DATA TO EXAMINE: Begin
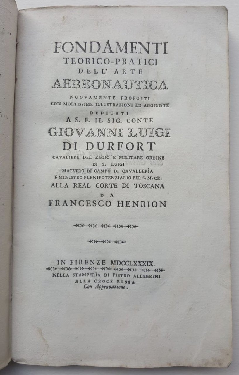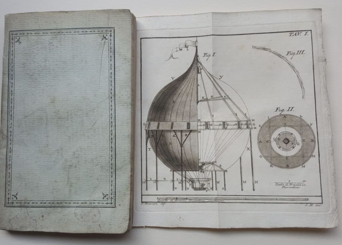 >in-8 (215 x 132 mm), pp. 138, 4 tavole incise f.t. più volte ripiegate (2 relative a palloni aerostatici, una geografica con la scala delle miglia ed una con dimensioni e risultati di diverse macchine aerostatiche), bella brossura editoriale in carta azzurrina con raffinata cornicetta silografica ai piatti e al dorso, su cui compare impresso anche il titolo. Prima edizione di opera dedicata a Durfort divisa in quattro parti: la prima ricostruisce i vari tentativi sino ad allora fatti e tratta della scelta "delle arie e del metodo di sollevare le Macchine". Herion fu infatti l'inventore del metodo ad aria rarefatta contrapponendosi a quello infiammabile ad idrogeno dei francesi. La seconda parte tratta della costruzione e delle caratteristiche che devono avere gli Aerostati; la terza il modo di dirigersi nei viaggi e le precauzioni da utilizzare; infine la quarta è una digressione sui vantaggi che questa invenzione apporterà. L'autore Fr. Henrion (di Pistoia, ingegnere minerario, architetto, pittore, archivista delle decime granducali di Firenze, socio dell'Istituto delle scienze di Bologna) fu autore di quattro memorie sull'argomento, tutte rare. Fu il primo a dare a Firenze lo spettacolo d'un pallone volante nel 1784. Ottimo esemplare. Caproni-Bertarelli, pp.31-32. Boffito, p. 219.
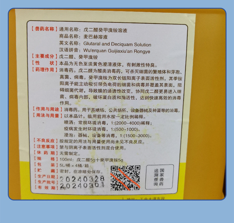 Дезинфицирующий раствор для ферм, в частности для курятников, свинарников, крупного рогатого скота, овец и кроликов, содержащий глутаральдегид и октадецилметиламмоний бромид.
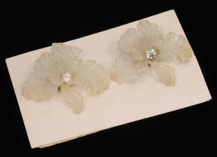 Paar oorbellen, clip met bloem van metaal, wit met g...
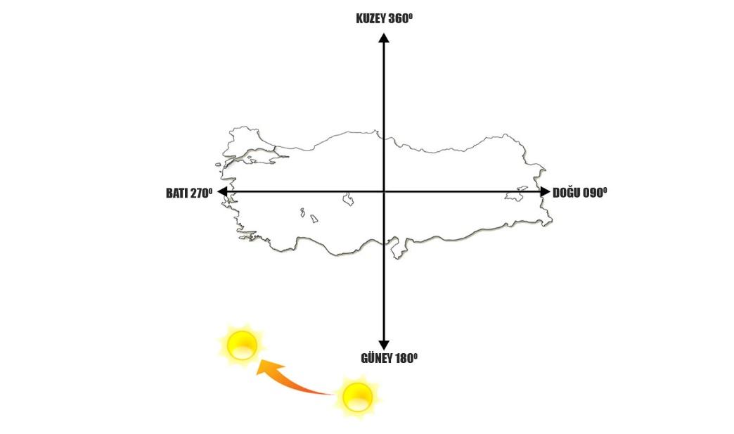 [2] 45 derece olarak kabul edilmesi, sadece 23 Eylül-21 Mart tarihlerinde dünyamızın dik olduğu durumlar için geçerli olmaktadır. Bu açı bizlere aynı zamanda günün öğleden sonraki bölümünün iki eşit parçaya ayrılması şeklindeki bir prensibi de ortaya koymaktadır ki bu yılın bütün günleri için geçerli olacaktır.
DATA TO EXAMINE: End
DATA TO EXAMINE: Begin
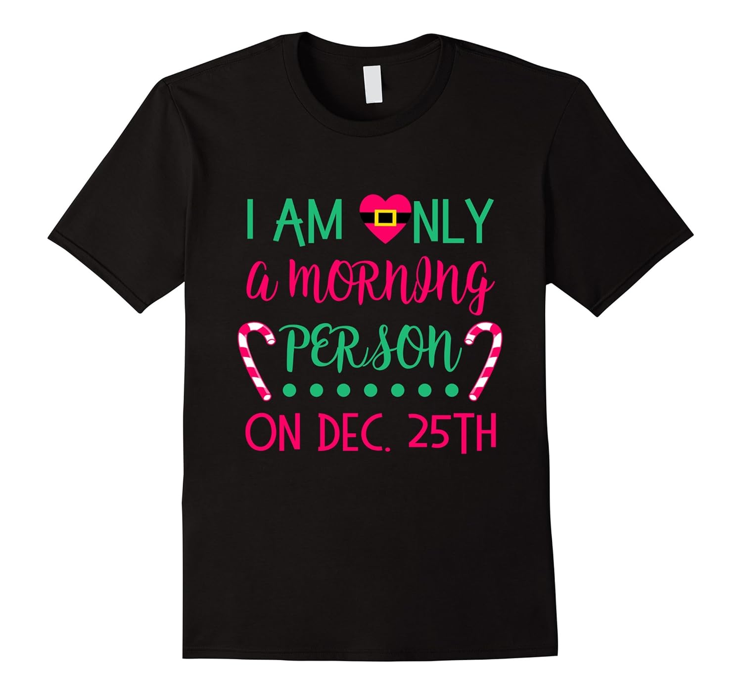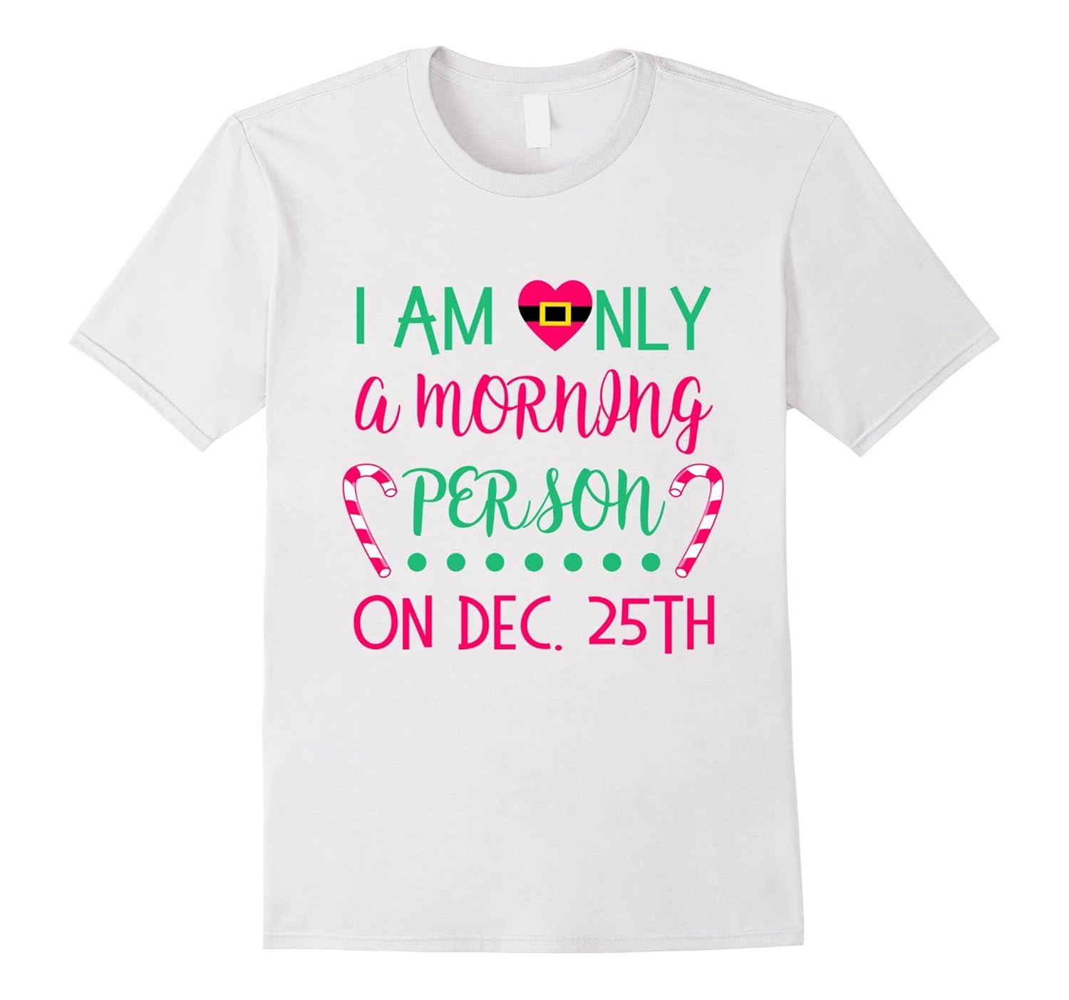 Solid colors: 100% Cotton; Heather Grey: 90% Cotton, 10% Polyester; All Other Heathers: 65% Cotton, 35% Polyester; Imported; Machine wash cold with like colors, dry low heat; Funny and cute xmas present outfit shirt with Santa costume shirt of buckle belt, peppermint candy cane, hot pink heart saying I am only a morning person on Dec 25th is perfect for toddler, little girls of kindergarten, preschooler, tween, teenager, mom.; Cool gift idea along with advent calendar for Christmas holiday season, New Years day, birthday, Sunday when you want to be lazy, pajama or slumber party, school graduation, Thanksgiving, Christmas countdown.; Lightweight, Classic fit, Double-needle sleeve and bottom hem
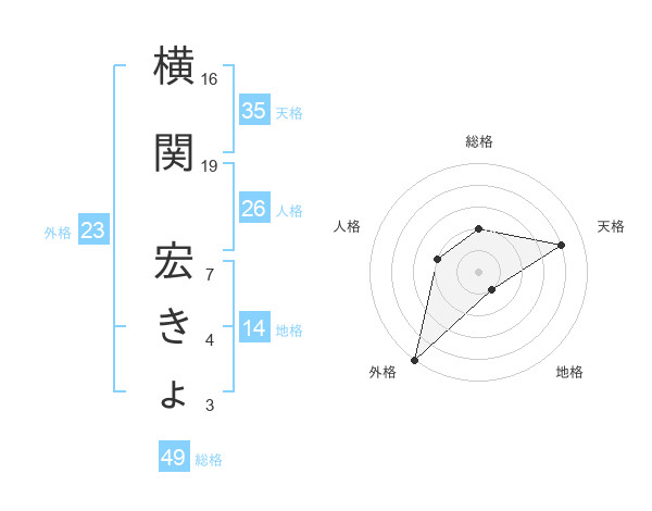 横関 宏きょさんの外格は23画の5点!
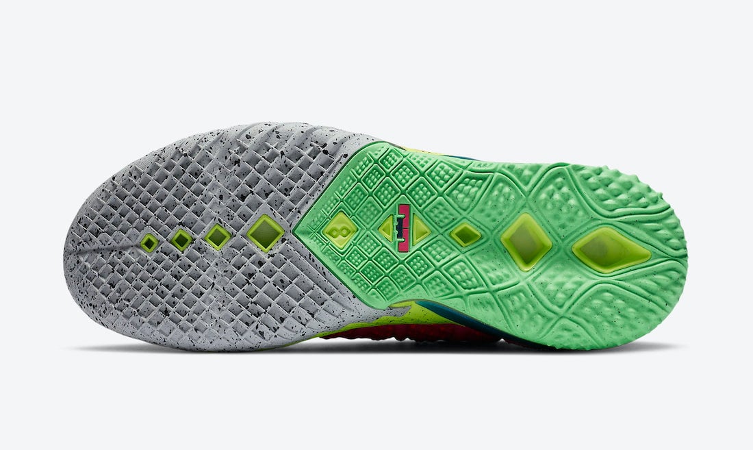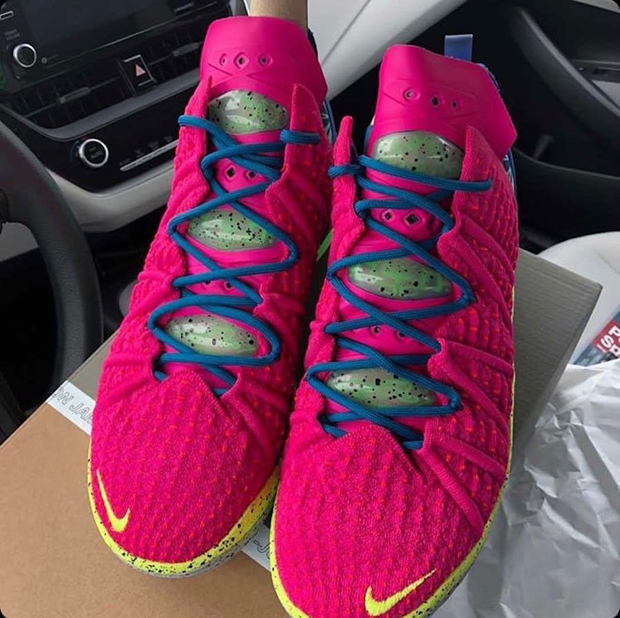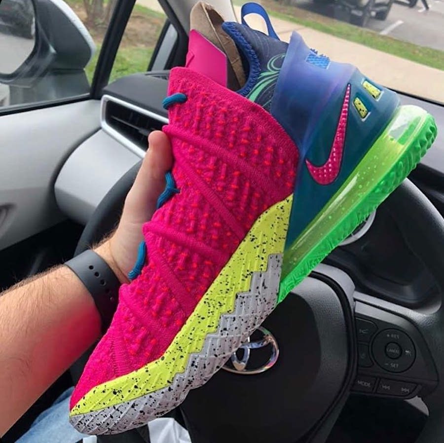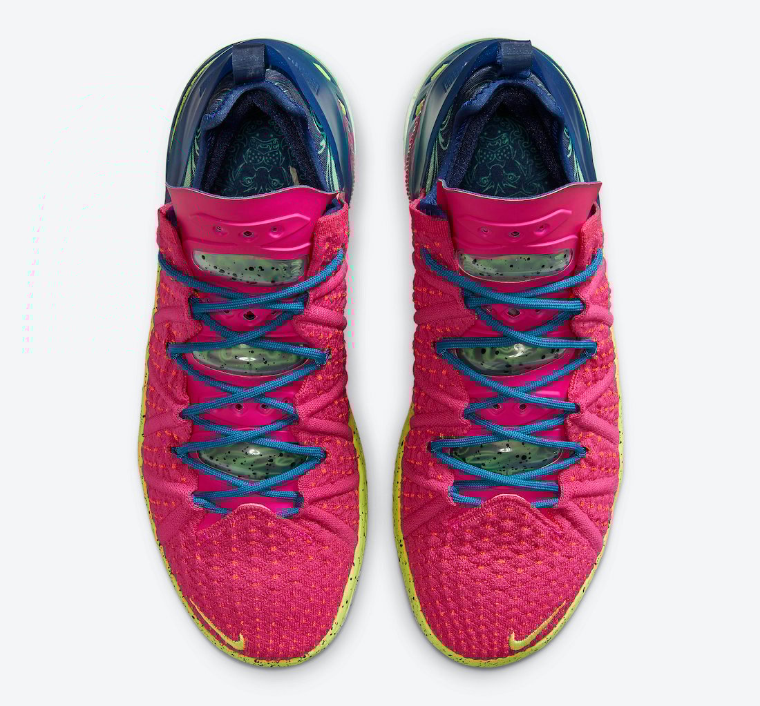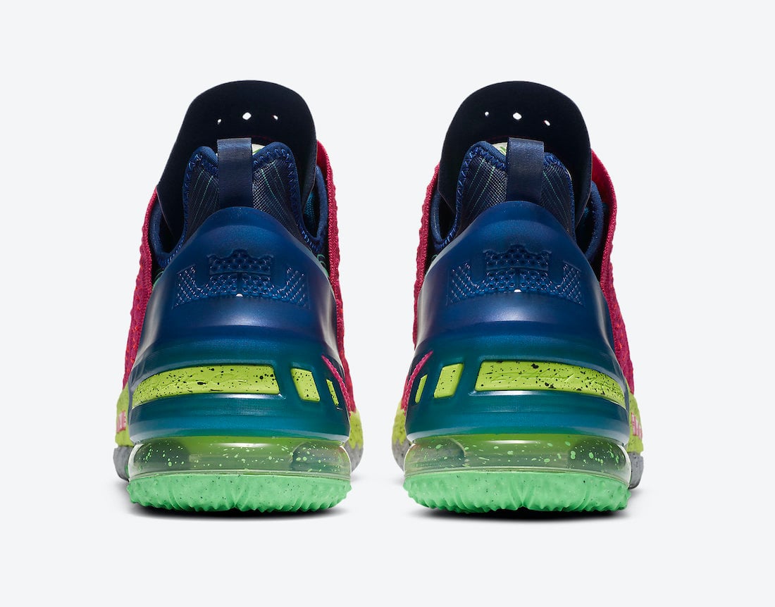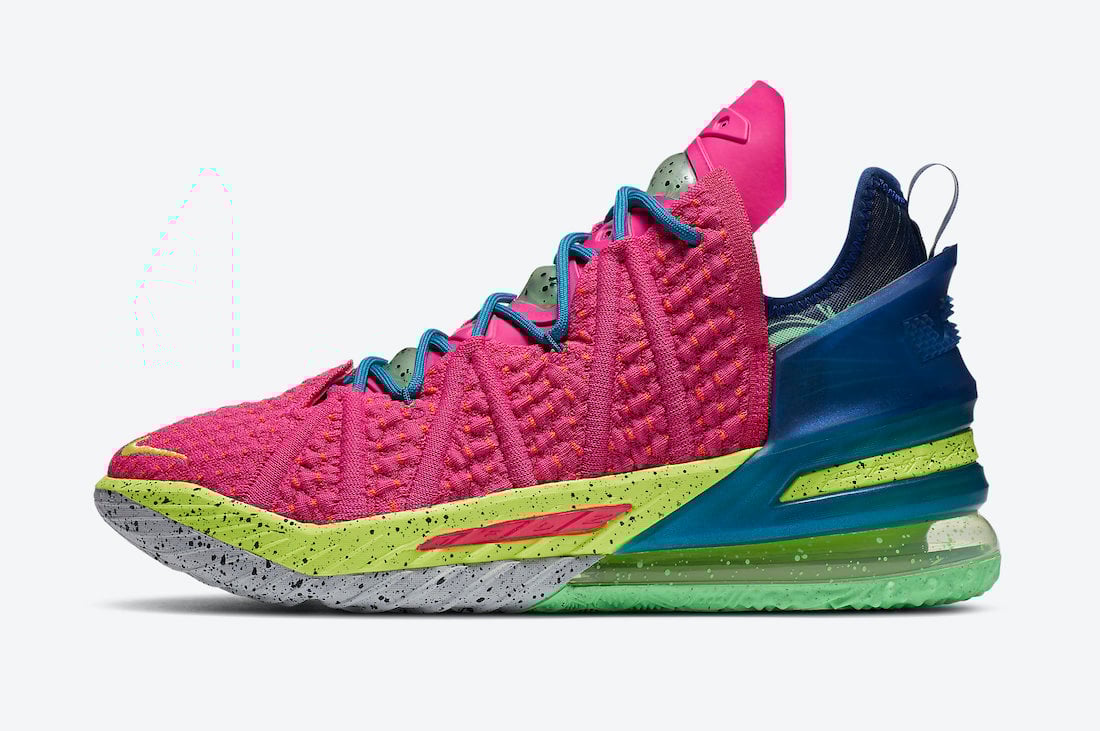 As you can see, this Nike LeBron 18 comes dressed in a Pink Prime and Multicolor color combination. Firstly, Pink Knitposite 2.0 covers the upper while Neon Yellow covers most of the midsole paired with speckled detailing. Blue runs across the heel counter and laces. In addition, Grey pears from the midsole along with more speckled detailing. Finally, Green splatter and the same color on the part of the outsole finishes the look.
DATA TO EXAMINE: End
DATA TO EXAMINE: Begin
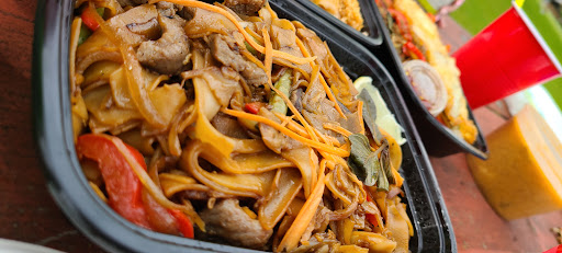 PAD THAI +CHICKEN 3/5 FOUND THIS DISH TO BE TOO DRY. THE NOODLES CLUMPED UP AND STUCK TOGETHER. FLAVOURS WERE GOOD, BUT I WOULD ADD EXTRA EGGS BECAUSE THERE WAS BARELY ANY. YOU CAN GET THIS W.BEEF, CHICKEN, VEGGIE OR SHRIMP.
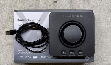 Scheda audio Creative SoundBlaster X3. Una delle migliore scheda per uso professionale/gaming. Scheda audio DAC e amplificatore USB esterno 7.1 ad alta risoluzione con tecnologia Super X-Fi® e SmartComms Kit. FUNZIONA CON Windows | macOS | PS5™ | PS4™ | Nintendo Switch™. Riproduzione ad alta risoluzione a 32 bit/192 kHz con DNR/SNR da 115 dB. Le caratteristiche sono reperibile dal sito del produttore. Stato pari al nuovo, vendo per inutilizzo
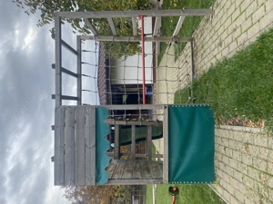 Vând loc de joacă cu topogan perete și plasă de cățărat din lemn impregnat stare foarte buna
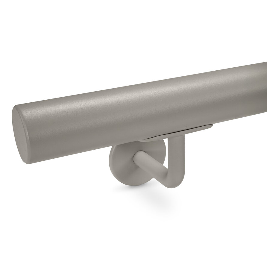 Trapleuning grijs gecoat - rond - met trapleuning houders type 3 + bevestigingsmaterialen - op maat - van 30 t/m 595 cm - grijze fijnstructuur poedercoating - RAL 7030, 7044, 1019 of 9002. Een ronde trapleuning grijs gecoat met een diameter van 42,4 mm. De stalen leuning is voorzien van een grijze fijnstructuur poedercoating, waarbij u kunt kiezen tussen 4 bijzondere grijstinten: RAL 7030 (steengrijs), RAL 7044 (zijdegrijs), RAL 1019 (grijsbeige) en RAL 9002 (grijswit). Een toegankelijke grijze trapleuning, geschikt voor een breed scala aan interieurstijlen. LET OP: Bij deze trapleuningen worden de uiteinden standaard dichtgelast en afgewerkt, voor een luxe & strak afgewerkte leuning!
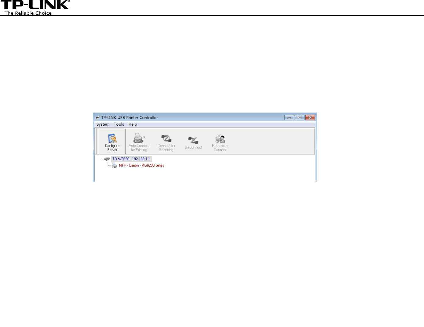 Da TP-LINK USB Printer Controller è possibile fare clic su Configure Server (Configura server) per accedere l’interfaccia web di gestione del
DATA TO EXAMINE: End
→ WORK INSTRUCTION
Your answer must be everything above from the line with "Boffito, p. 219." down to the line with "Paar oorbellen, clip", word for word, and no pictures.

→ EXERCISE ANSWER
 >in-8 (215 x 132 mm), pp. 138, 4 tavole incise f.t. più volte ripiegate (2 relative a palloni aerostatici, una geografica con la scala delle miglia ed una con dimensioni e risultati di diverse macchine aerostatiche), bella brossura editoriale in carta azzurrina con raffinata cornicetta silografica ai piatti e al dorso, su cui compare impresso anche il titolo. Prima edizione di opera dedicata a Durfort divisa in quattro parti: la prima ricostruisce i vari tentativi sino ad allora fatti e tratta della scelta "delle arie e del metodo di sollevare le Macchine". Herion fu infatti l'inventore del metodo ad aria rarefatta contrapponendosi a quello infiammabile ad idrogeno dei francesi. La seconda parte tratta della costruzione e delle caratteristiche che devono avere gli Aerostati; la terza il modo di dirigersi nei viaggi e le precauzioni da utilizzare; infine la quarta è una digressione sui vantaggi che questa invenzione apporterà. L'autore Fr. Henrion (di Pistoia, ingegnere minerario, architetto, pittore, archivista delle decime granducali di Firenze, socio dell'Istituto delle scienze di Bologna) fu autore di quattro memorie sull'argomento, tutte rare. Fu il primo a dare a Firenze lo spettacolo d'un pallone volante nel 1784. Ottimo esemplare. Caproni-Bertarelli, pp.31-32. Boffito, p. 219.
 Дезинфицирующий раствор для ферм, в частности для курятников, свинарников, крупного рогатого скота, овец и кроликов, содержащий глутаральдегид и октадецилметиламмоний бромид.
 Paar oorbellen, clip met bloem van metaal, wit met g...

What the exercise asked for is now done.